In all, Lewis was frank and fearless three decades ago in ripping away the Canadian security blanket of denial about the long and painful legacy of slavery in this country as elsewhere.

“Just as the soothing balm of ‘multiculturalism’ cannot mask racism,” Lewis said. “So racism cannot mask its primary target.”

Almost 30 years on, we have Viola Desmond on our currency, but also the toxic environment of the Peel District School Board, and the disproportionate jailing and police shootings of young Black men make clear such ills fester still.

Yet notwithstanding Lewis’s cri du couer, or the judgment of the United Nations that Canada has yet to rid itself of racism, notwithstanding lived experiences recounted recently by Black hockey players or described by such worthies as the late Lincoln Alexander, we not long ago heard Premier Doug Ford say:

“Thank God that we’re different from the United States and we don’t have the systemic, deep roots (of racism) they have had for years.”

Ford later amended that statement.
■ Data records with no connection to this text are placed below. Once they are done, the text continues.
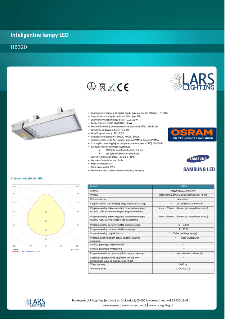 Inteligentne lampy LED HB320 Znamionowe napięcie zasilacza prądu przemiennego: 230VAC (+/- 10%) Częstotliwość napięcia zasilania: 50Hz (+/- 5%) Znamionowy pobór mocy z sieci Pmax: 150W Pobór mocy w trybie STANDBY: <0,5W Strumień świetlny (w temperaturze otoczenia 250C): 16430 lm Wskaźnik oddawania barw: Ra > 80 Współczynnik mocy: PF > 0,95 Temperatura barwowa: 3000K, 4000K, 5000K Rozpraszacze: szyba hartowana, pryzma PMMA, liniowy PMMA Czas trybu pracy ciągłej (w temperaturze otoczenia 250C): 50 000 h Zasięg czujnika ruchu jeśli występuje MW (dla wysokości h=3m): 2-5 mb PIR (dla wysokości h=9m): 6mb Zakres temperatur pracy: -300C do +400C Wysokość montażu: do 13mb Klasa ochronności: I Klasa szczelności: IP55 Producent diod : Osram Semiconductor, Samsung Krzywe rozsyłu światła Model HB320 Montaż Natynkowy, Zwieszany Wersja Inteligentna, DALI, z Czujnikami ruchu, RS485 Kolor obudowy Czujnik ruchu z możliwością programowania zasięgu Aluminium (w zależności od wersji) Programowalny zakres regulacji casu świecenia (po ustaniu ruch) w trybie maksymalnego oświetlenia 5 sek. – 99 min. (dla wersji z czujnikiem ruchu) Programowalny zakres regulacji casu świecenia (po ustaniu ruch) w trybie bazowego oświetlenia 5 sek. – 99 min. (dla wersji z czujnikiem ruchu) Programowalny poziom światła maksymalnego 10 – 100 % Programowalny poziom światła bazowego Programowalny czujnik światła 5 -100 % 2-1000 lx (jeśli występuje) Programowany poziom progu czułości czujnika zmierzchu Funkcja płynnego rozświetlenia Funkcja płynnego wygaszenia Programowanie za pomocą pilota programującego (jeśli występuje) Możliwość podłączenia czujników PIR lub MW, komunikacji DALI, komunikacji po RS485 Waga oprawy Wymiary (mm) (w zależności od wersji) 9,00 kg 730x350x100 Producent: LARS Lighting Sp. z o.o.│ ul. Drukarska 1, 05-090 Jaworowa │ tel.: +48 22 730-15-45 │ www.esse.eu │ www.larsco.com.pl │ www.larslighting.pl
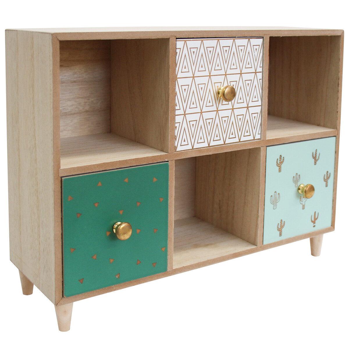 We can see this one standing out in any shop display - the Indie 1 jewellery drawers. It’s a compact and trendy organiser for jewellery or other trinkets, measuring 32.5 x 25 x 11cm and crafted from quality MDF for that natural look. The mix of geometric and cactus patterns on the front really makes it pop, so it’ll be one of those items your customers are drawn to straight away, especially if they’re looking for something to add a bit of indie flair to their space.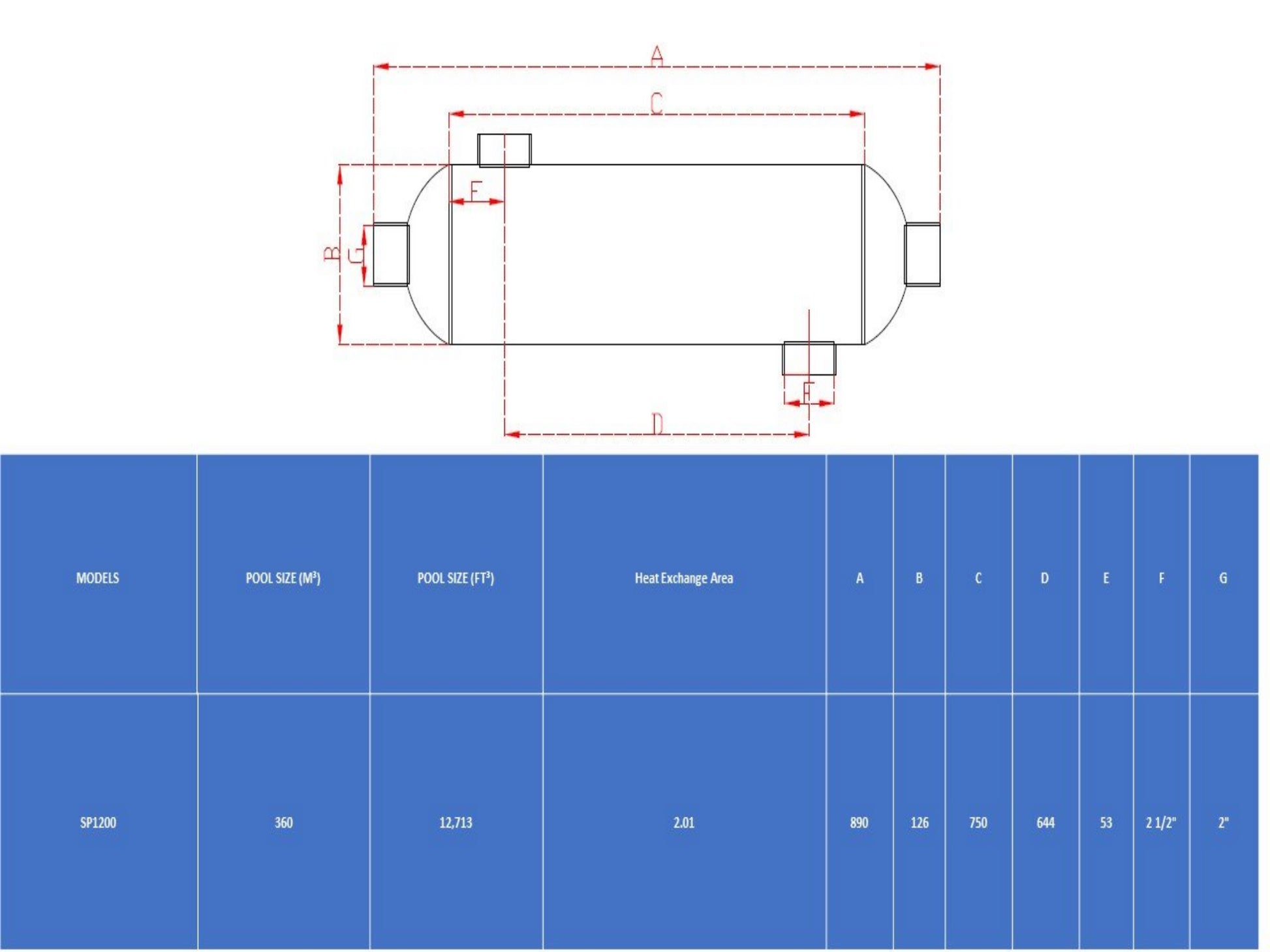 The units are designed for both horizontal and vertical mounting. Port sizes: (to/from Boiler) 2" - (to/from Pool) 2 1/2".

But it spoke loud and clear.

As Robyn Maynard, author of “Policing Black Lives,” has said: “One of the reasons that racism persists in Canada is because our commitment to the perception of racial tolerance and harmony seems to be prized above the actual lived experiences of people.”

Happy Emancipation Day, a grand opportunity to tell — and, more important, listen to — those lived experiences.